L’affaire concerne la mort de l’épouse du requérant à l’issue de l’opération chirurgicale d’un fibrome utérin. L’opération a été conduite après que deux gynécologues eurent diagnostiqué un fibrome utérin sur la femme du requérant. Quatre jours après l’opération, atteinte de fièvre et de nausée, elle fut de nouveau hospitalisée. Son état de santé se dégrada fortement et Mme Öztürk décéda d’une hépatite toxique et d’un sepsis.

M. Öztürk déposa une plainte pénale contre le médecin qui avait opéré son épouse pour négligence et imprudence ayant entraîné la mort. Le tribunal correctionnel décida sur le fondement du rapport d’expertise de condamner le médecin à une peine d’emprisonnement de 6 mois, laquelle fut commuée en une peine d’amende avec sursis à exécution.Par la suite, lorsque l’affaire a été renvoyée à cette juridiction, la procédure pénale était forclose en raison de l’expiration du délai de prescription. La demande additionnelle en réparation contre le même médecin a finalement été rejetée. 

M. Öztürk allègue que les circonstances du décès de son épouse ont emporté violation de la Convention. Il déplore enfin la durée des procédures engagées devant les juridictions nationales.

Arrêt rendu le 21 juillet 2015 (non définitif) : violation de l’Article 2 (droit à la vie)

Traitement de substitution

Affaire communiquée

Kurmanayevskiy et 2 autres c. Russie (no 62964/10)

Les requérants sont tous dépendants à l’héroïne. Ils ont suivi à plusieurs reprises des cures de désintoxication mais ont néanmoins continué à consommer des stupéfiants à leur sortie de l’hôpital. Il convient de noter que tous les requérants sont également atteints du VIH et que l’un d’entre eux souffre d’une forme d’hépatite C. Les demandes de traitements de substitution par méthadone et par buprénorphine qu’ils ont formulées ont été rejetées sur la base de dispositions de la législation russe. Ces refus ont été confirmés par les juridictions internes.

Les requérants se plaignent d’une violation de leurs droits garantis par les articles 3, 8 et 14 de la Convention.

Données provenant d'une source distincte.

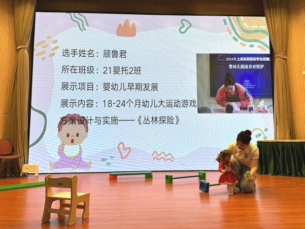 “婴幼儿健康养育照护”赛项参赛选手21婴托2班顾鲁君和备赛选手23婴托沈婧茹对部分竞赛内容进行了技能展示,包含婴幼儿回应性生活照护项目、婴幼儿意外伤害的应急处置项目和婴幼儿早期发展项目,体现了婴幼儿托育服务与管理专业学生对婴幼儿回应性照护、游戏活动实施、伤害预防与处理等专业技能水平以及关注婴幼儿、态度亲和的职业道德素养。

La requête a été communiquée le 12 mai 2014, accompagnée de questions qui visent à établir tout d’abord si l’interdiction générale des traitements de substitution par méthadone et par buprénorphine répond à l’obligation qui incombe à l’État de protéger la vie et la santé des personnes relevant de sa juridiction. Il s’agit ensuite de présenter les raisons de cette interdiction générale. La Cour a également demandé aux parties de préciser s’il y a lieu de considérer que les requérants ont fait l’objet d’une discrimination fondée sur l’état de santé au mépris de l’article 8 combiné à l’article 14 de la Convention.

Droit des détenus et des conscrits en matière de santé

Arrêt rendu

Martzaklis et autres c. Grèce (requête n° 20378/13)

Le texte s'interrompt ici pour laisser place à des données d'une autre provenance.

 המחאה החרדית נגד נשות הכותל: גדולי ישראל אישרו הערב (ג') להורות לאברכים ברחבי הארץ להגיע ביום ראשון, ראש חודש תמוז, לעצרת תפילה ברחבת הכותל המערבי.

L’affaire concerne les conditions de détention de personnes séropositives dans la section psychiatrique de l’hôpital de la prison de Korydallos.

La Cour estime avérées les mauvaises conditions matérielles et sanitaires de détention à l’hôpital de la prison ainsi que les irrégularités dans l’administration des traitements médicaux. Elle a considéré que les requérants ont été exposés à une souffrance physique et mentale allant au-delà de celle inhérente à la détention.

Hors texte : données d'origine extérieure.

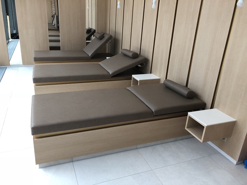 Für das Objekt Hotel Eden in Spiez konnten wir durch eine kreative Agentur nach Mass und Kundenwunsch Sitzbänke, sowie im Wellnessbereich die Ruheliegen anfertigen. Die Herstellung des Polsters in hochwertigem Kaltschaum und Polyether sowie der Bezug in Kunstleder decovin® nappa der Firma Winter Création AG war ein Muss, da das Material sehr strapazierfähig und pflegeleicht sein musste. Die Füsse und Sockelelemente der Bänke und die Unterbaukorpusse der Liegen fertigte einer unserer Schreiner und baute das Ganze vor Ort auch ein. Die kompakten Bankelemente sind äusserst mobil und jederzeit verschiebbar, sodass das Restaurantpersonal des Hotels nach Lust und Laune ihr Interieur jederzeit und im handumdrehen umgestalten kann. Diese speziellen Objekt Bankelemente sind rundherum schön verarbeitet - so, dass die geforderte Mobilität garantiert ist und die Bänke immer im besten Licht stehen.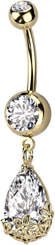 Pierced Owl 14GA Stainless Steel Floral Dangling Pear Shaped CZ Crystal Belly Button Ring

Le 9 octobre 2015, la Cour dit, à l’unanimité, qu’il y a eu : Violation de l’article 3 (interdiction des traitements inhumains ou dégradants), pris isolément et combiné avecl’article 14 (interdiction de la discrimination) de la Convention européenne des droits de l’homme ; violation de l’article 13 (droit à un recours effectif) de la Convention.

Arrêt rendu

Patranin c. Russie (requête n° 12983/14)

(disponible en anglais uniquement, communiqué de presse en français)

L’affaire concerne un requérant qui se plaignait de n’avoir pas reçu de soins médicaux appropriés pendant sa détention.

M. Patranin souffrait de sclérose en plaques évolutive depuis des années et, pendant sa détention provisoire, soit à partir de février 2012, sa santé se dégrada nettement étant donné que l’établissement où il était détenu ne disposait pas de médecins spécialistes. Il eut en septembre 2012 une crise d’épilepsie qui le laissa paralysé d’un côté. Un rapport médical ultérieur conclut que la gravité de son état était incompatible avec la détention ; il fut donc libéré. Après sa condamnation, il fut toutefois réincarcéré dans l’hôpital d’une colonie pénitentiaire. En janvier 2014, on lui notifia un avis médical selon lequel il n’était pas atteint d’une maladie suffisamment grave pour justifier sa libération. D’après lui, il passait toutes ses journées au lit et il ne pouvait boire ou manger seul ; il ne pouvait pas aller aux toilettes et ne bénéficiait d’un lavement qu’une fois tous les quinze jours.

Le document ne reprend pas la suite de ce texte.